[SUPPLIED DATA]

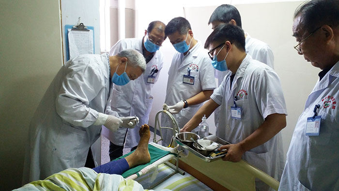 長安醫(yī)院李斌院長、王錫印副院長、醫(yī)務(wù)科石濤主任、余凱主任熱情接見交流,雙方就發(fā)展創(chuàng)面修復(fù)科進行了探討,并交換了意見。李斌院長表示重點支持,并責(zé)令王院長主抓此項工作。會后,金教授一行來到科室,在周魏峰主任的帶領(lǐng)下,金教授對壓瘡患者和糖尿病患者進行了會診,并應(yīng)用再生醫(yī)療技術(shù)為患者進行了規(guī)范換藥示范操作,并對換藥過程中需要注意的事項進行了詳細講解。
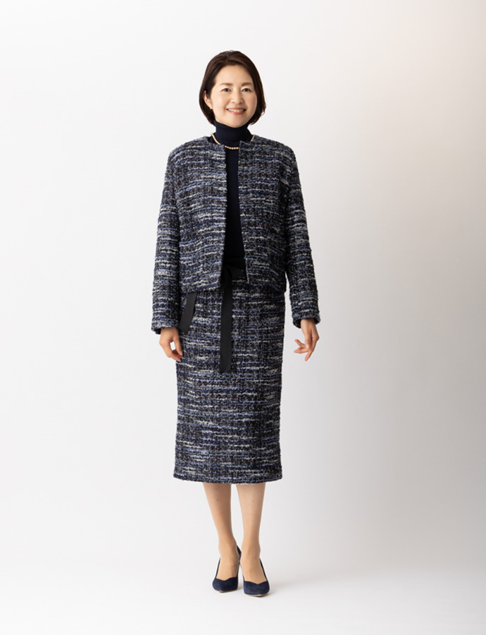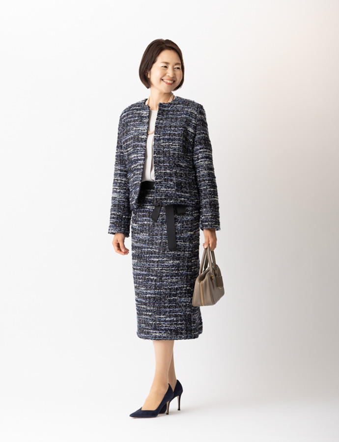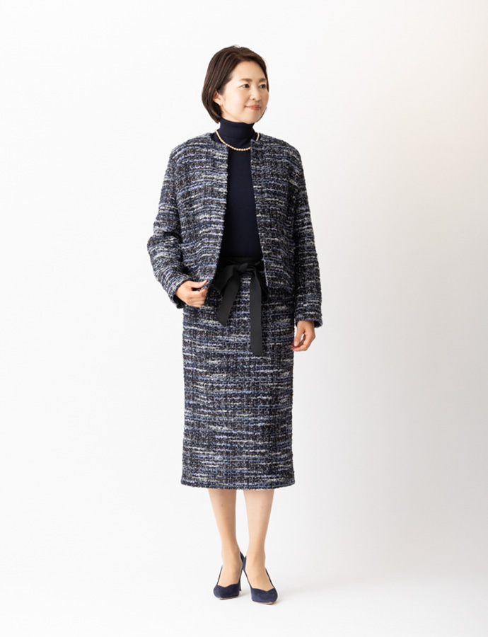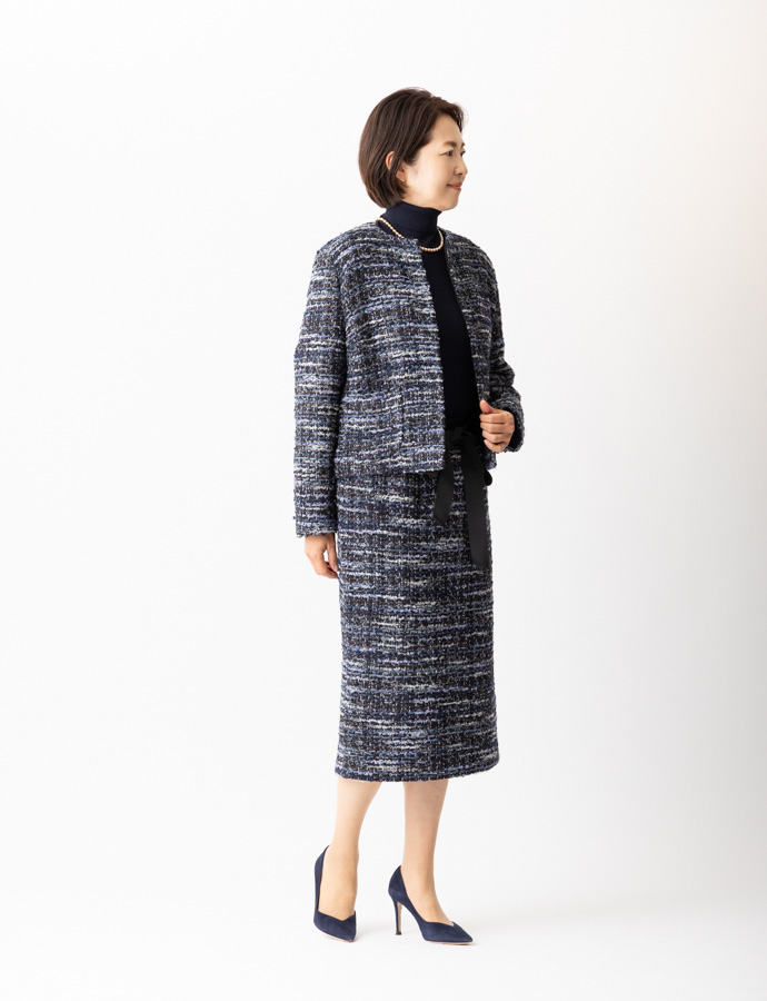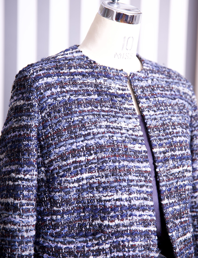 一昨年、大きな反響を呼んだmadameH CLOSETのルサージュ企画、待望の第二弾となる今回は、日常からフォーマルまでシーンを選ばない、軽やかなネイビー系ツイードをセレクトしました。
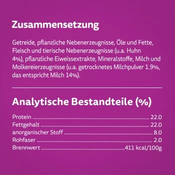 Die Minisnacks von Whiskas Milch-Kätzchen sind perfekt abgestimmt auf kleine Leckermäuler, reich an Milch und damit Kalzium, das zur Förderung eines gesunden Zahn- und Knochenwachstums beiträgt.
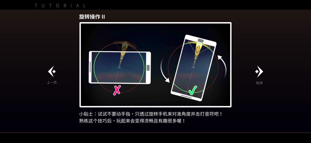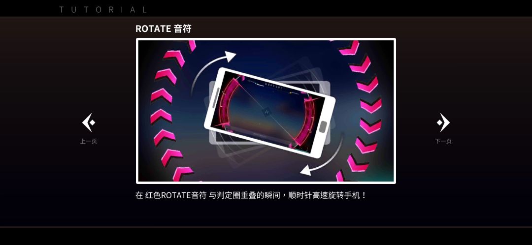 而游戏里的精髓,就是「ROTATE音符」,你需要在它与判定圈重叠的瞬间,顺时针或者逆时针高速旋转手机。
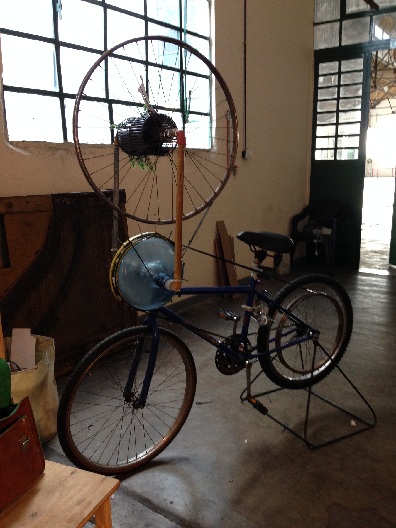 Primera bici nocturamica para teatro de sombras con un sistema de rodillos delantero traccionado por un sistema de objetos giratorios y correas recicladas que proyecta sombras en una pantalla de formato rectangular.
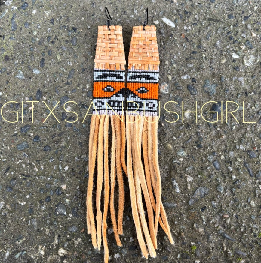 Sustainably, ethically & righteously harvested yellow cedar hats with smoked moose hide dangles :GBG: brick stitched ancestor faces ~ with our signature cheeks ✨
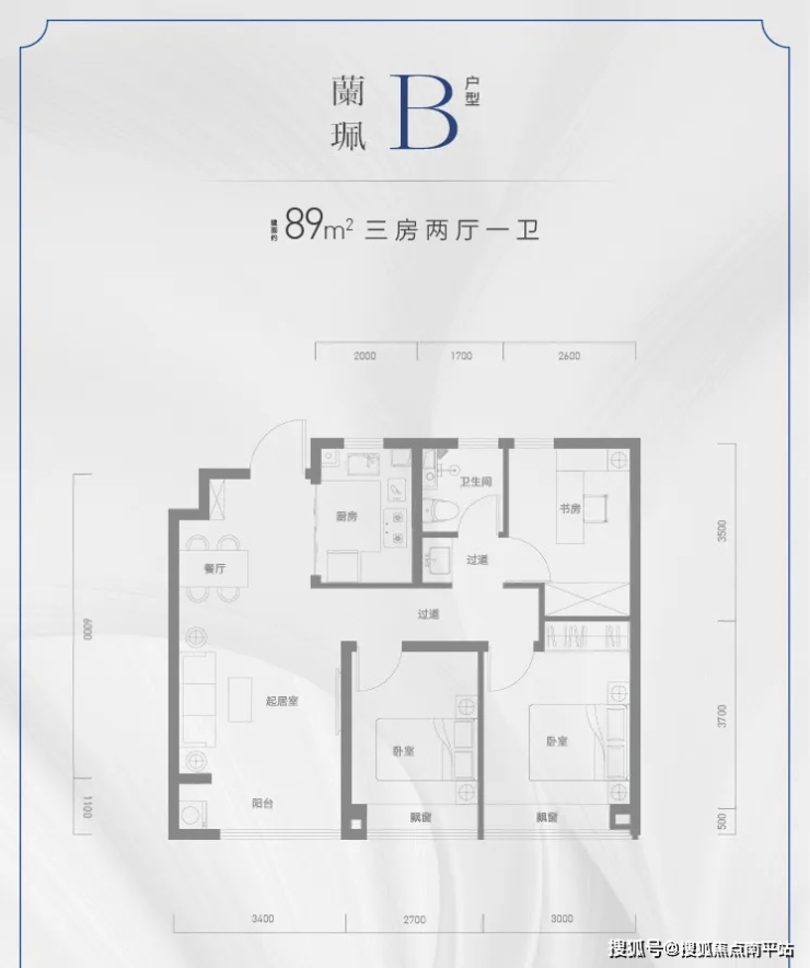 2#楼17层到顶,2梯4户,80平米两室,89平米三室。

[/SUPPLIED DATA]

Every line from the one containing "而游戏里的精髓,就是「ROT" through the final line of the records above is to be written out exactly; nothing else, and no pictures.

 而游戏里的精髓,就是「ROTATE音符」,你需要在它与判定圈重叠的瞬间,顺时针或者逆时针高速旋转手机。
 Primera bici nocturamica para teatro de sombras con un sistema de rodillos delantero traccionado por un sistema de objetos giratorios y correas recicladas que proyecta sombras en una pantalla de formato rectangular.
 Sustainably, ethically & righteously harvested yellow cedar hats with smoked moose hide dangles :GBG: brick stitched ancestor faces ~ with our signature cheeks ✨
 2#楼17层到顶,2梯4户,80平米两室,89平米三室。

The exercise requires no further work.